• _Work request_: Write out a word-for-word repetition of the lines that come before the line containing "南阳市2020年初中毕业班第二次调研测试试卷历史【15】" in the listing below, along with that line itself, omitting pictures.

········

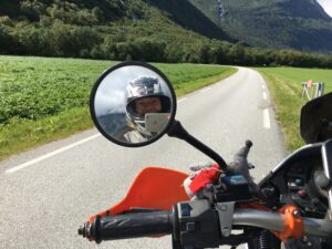Norwegię miałam przyjemność zwiedzić jeszcze w czasach covidu i to będzie świetny wstęp do serii „Strzępków z podróży”, czyli historii tego, co właściwie zostaje z podróży po czasie. Nie jechałam w całkiem nieznane miejsce. Do wycieczki zmotywowała mnie praca, którą ówcześnie wykonywałam w Norwegii. Postanowiłam jedynie zmienić środek transportu i, zamiast samolotem z Gdańska do Trondheim, pocisnąć motocyklem z Koszalina bezpośrednio Selbu.
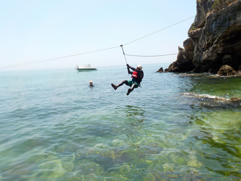 The best Coasteering of Portinho da Arrábida is an experience for those looking for an adrenaline rush in a paradisiacal place inside the Parque Marinho Luís Saldanha. Coasteering includes trekking, climbing, rappelling, swimming, speleology, sliding and jumping to the Sea ... In fact, many jump to the crystal clear waters from the coast of Serra da Arrábida. You'll also learn about the local flora and fauna and the culture of Portugal with your guide.
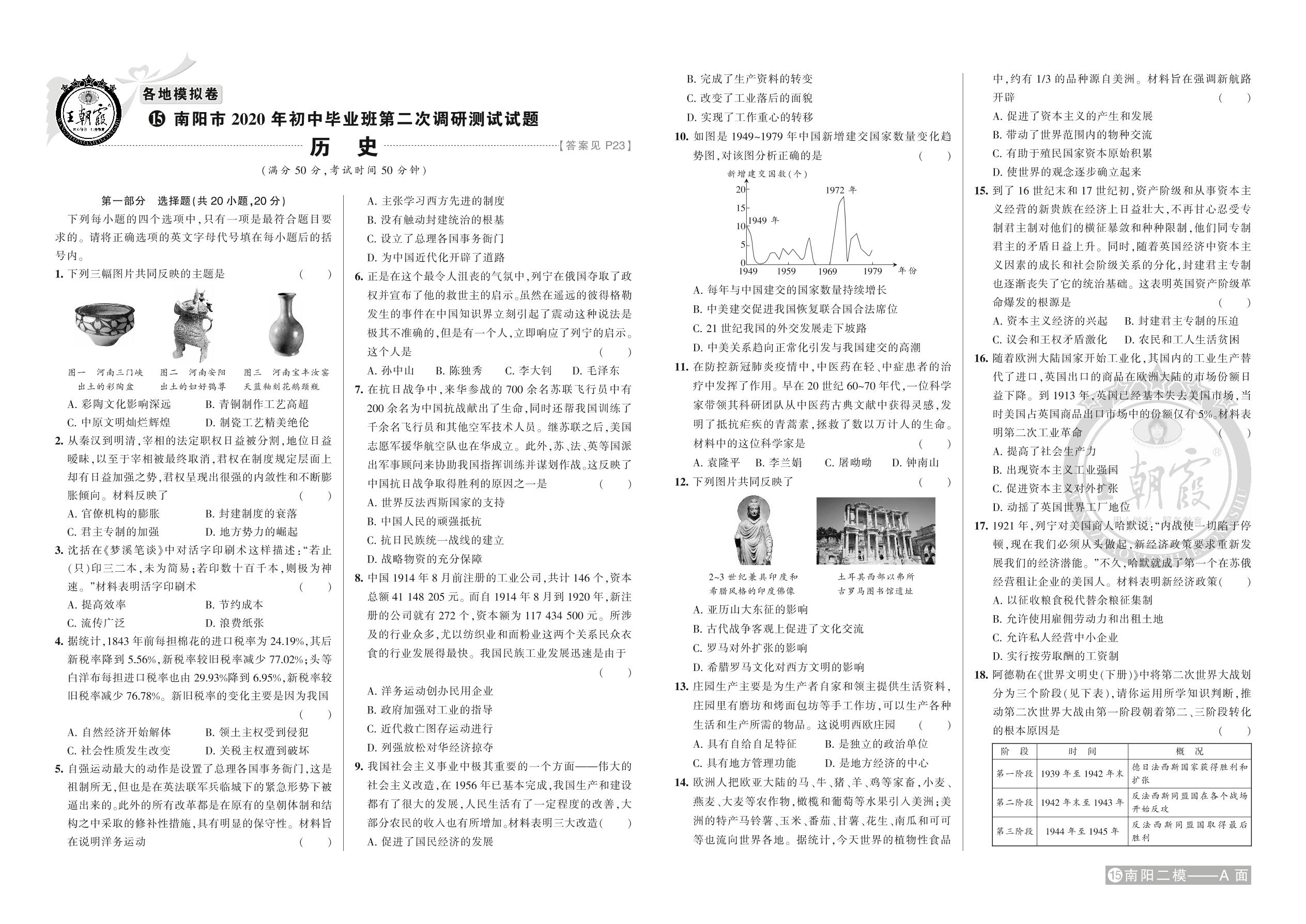 南阳市2020年初中毕业班第二次调研测试试卷历史【15】
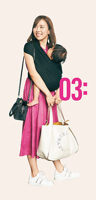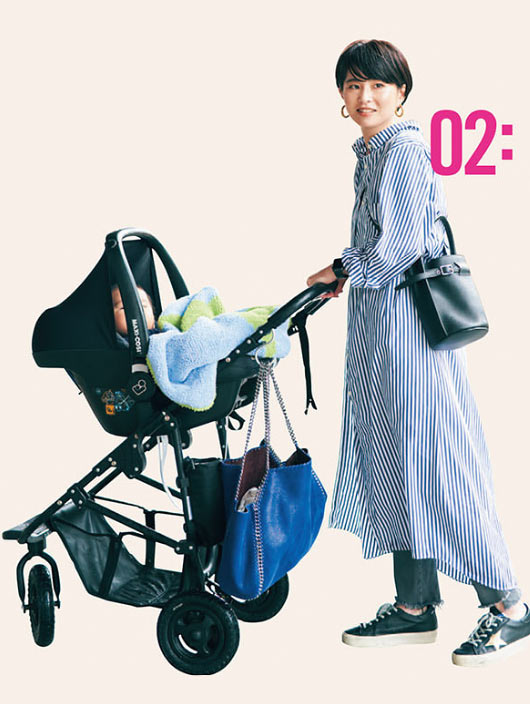 機能性重視の“マザーズバッグ”、は気に入るものがなく、乳幼児期が終わってもずっと使えるものという目線で、「ゴヤール」に。PVC素材の斜めがけは汚れや濡れも気にならず、バッグ大好き娘に取られても心配なくストレスフリーです。3カ月の息子を抱っこすることが多い今は、肌触りがよい「ベッド・アンド・ブレッ「クファースト」のワンピをヘビロテ愛用。
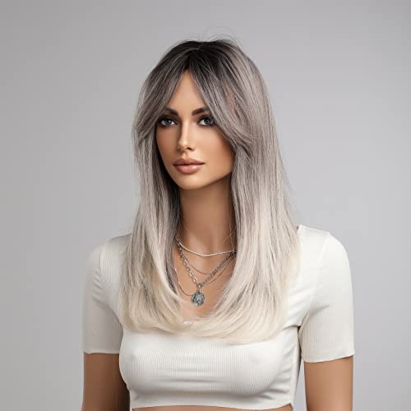 Heat Resistant Ash Gray Wig100% high quality wig hair, heat resistant synthetic fibersnatural and soft,feels like real human hairuse curling irons to create more styles.natural bangs can perfectly hide the hairline.Cap and Size 22-24 inch. Soft straps adju
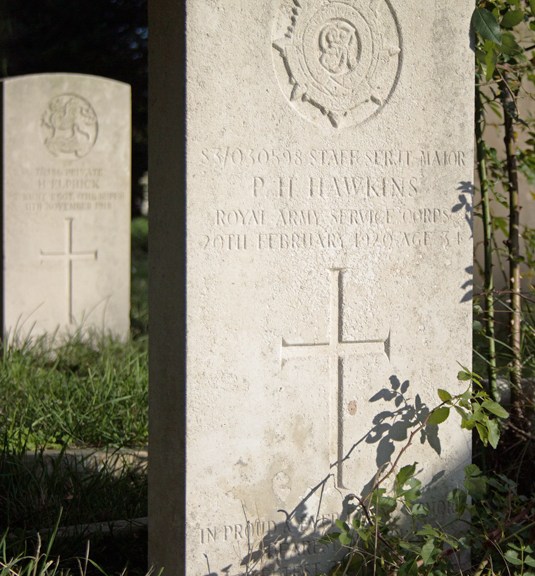 After initially joining the Royal Warwickshire Regiment, Private Hawkins was transferred to the Royal Army Service Corps, and was assigned to one of the supply companies.
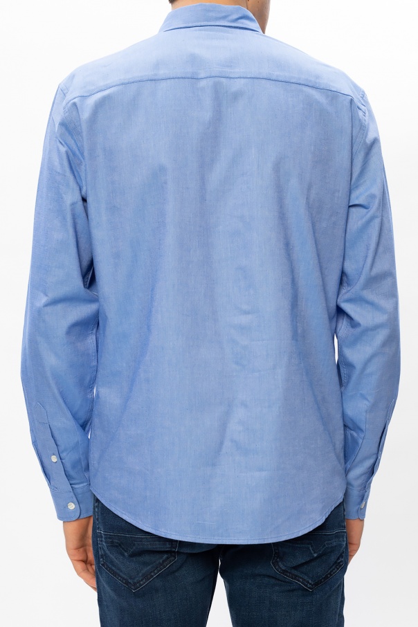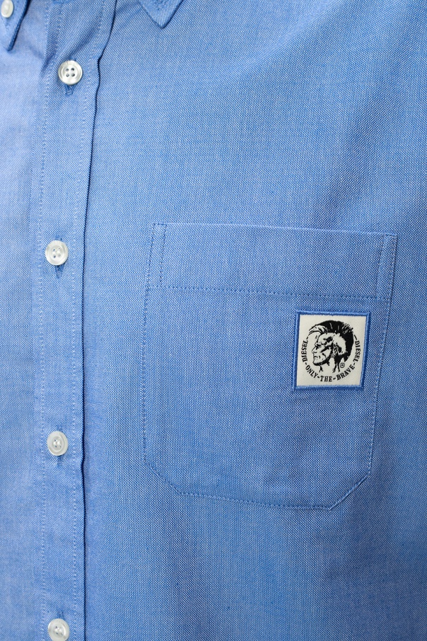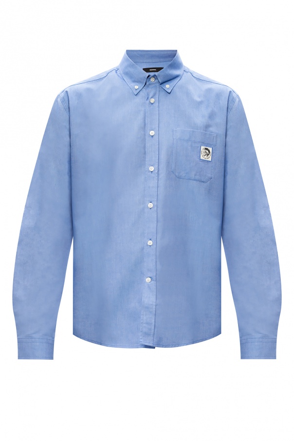 Blue shirt from Diesel. Emblazoned with a white and black branded patch, this cotton-crafted style is complete with button closure and a slip chest pocket.
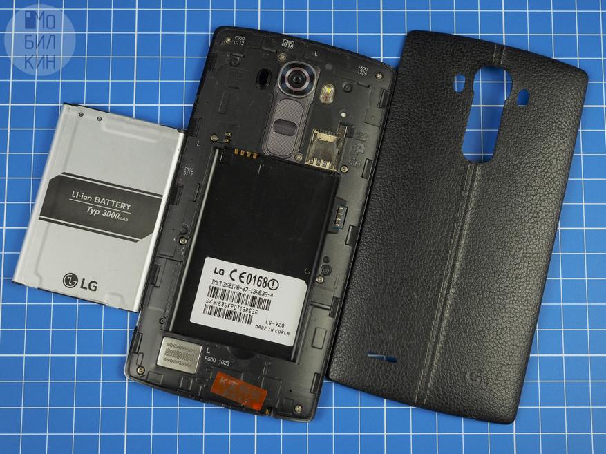 Спереди и с боков телефон покрыт пластиком, а заднюю часть закрывает крышка из шикарной натуральной кожи с прострочкой. Под ней можно увидеть слоты для MicroSIM и карты памяти, съёмную батарейку на 3000 мАч, а также типичный «винегрет» из надписей, характерный для восстановленных смартфонов. Например, наклейка под аккумулятором гласит, что у меня LG V20, а по IMEI так и вовсе пробивается старенькая «раскладушка» LG Wine Smart. По факту же перед нами корейская версия LG G4 F500L или то, что попытались за неё выдать. На верхней грани находится инфракрасный порт для управления техникой, а спереди прячется светодиодный индикатор событий.

········

• _Reply_:
Norwegię miałam przyjemność zwiedzić jeszcze w czasach covidu i to będzie świetny wstęp do serii „Strzępków z podróży”, czyli historii tego, co właściwie zostaje z podróży po czasie. Nie jechałam w całkiem nieznane miejsce. Do wycieczki zmotywowała mnie praca, którą ówcześnie wykonywałam w Norwegii. Postanowiłam jedynie zmienić środek transportu i, zamiast samolotem z Gdańska do Trondheim, pocisnąć motocyklem z Koszalina bezpośrednio Selbu.
 The best Coasteering of Portinho da Arrábida is an experience for those looking for an adrenaline rush in a paradisiacal place inside the Parque Marinho Luís Saldanha. Coasteering includes trekking, climbing, rappelling, swimming, speleology, sliding and jumping to the Sea ... In fact, many jump to the crystal clear waters from the coast of Serra da Arrábida. You'll also learn about the local flora and fauna and the culture of Portugal with your guide.
 南阳市2020年初中毕业班第二次调研测试试卷历史【15】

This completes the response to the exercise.